== Segment start ==

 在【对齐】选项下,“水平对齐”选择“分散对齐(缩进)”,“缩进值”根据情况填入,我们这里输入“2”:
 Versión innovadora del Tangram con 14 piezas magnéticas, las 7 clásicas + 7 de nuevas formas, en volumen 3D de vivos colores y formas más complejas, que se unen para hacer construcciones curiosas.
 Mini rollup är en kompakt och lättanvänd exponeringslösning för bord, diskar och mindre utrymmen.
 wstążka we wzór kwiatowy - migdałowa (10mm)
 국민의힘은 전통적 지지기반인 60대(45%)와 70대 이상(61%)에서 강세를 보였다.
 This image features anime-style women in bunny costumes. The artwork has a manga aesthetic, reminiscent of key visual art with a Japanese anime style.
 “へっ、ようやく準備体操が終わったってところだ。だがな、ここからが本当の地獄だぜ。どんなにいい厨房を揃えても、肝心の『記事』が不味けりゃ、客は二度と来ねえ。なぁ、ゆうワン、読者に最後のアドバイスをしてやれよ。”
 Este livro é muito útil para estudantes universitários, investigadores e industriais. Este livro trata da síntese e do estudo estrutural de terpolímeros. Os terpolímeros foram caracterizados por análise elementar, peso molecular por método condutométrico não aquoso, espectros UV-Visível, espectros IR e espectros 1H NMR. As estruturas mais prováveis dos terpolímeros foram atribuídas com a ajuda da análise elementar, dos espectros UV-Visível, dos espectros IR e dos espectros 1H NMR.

== Segment end ==
== Segment start ==

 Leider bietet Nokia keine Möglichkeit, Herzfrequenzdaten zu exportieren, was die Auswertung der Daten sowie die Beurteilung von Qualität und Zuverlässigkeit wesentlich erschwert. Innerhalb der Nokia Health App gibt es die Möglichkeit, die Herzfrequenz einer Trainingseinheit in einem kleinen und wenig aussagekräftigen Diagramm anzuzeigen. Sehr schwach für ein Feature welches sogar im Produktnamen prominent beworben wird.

== Segment end ==

- [What you are asked to do]:
Give again exactly, and only, the lines above starting at the one with "wstążka we wzór kwiatowy - migdałowa (10mm)" and ending at the one with "Este livro é".

- [Task answer]:
 wstążka we wzór kwiatowy - migdałowa (10mm)
 국민의힘은 전통적 지지기반인 60대(45%)와 70대 이상(61%)에서 강세를 보였다.
 This image features anime-style women in bunny costumes. The artwork has a manga aesthetic, reminiscent of key visual art with a Japanese anime style.
 “へっ、ようやく準備体操が終わったってところだ。だがな、ここからが本当の地獄だぜ。どんなにいい厨房を揃えても、肝心の『記事』が不味けりゃ、客は二度と来ねえ。なぁ、ゆうワン、読者に最後のアドバイスをしてやれよ。”
 Este livro é muito útil para estudantes universitários, investigadores e industriais. Este livro trata da síntese e do estudo estrutural de terpolímeros. Os terpolímeros foram caracterizados por análise elementar, peso molecular por método condutométrico não aquoso, espectros UV-Visível, espectros IR e espectros 1H NMR. As estruturas mais prováveis dos terpolímeros foram atribuídas com a ajuda da análise elementar, dos espectros UV-Visível, dos espectros IR e dos espectros 1H NMR.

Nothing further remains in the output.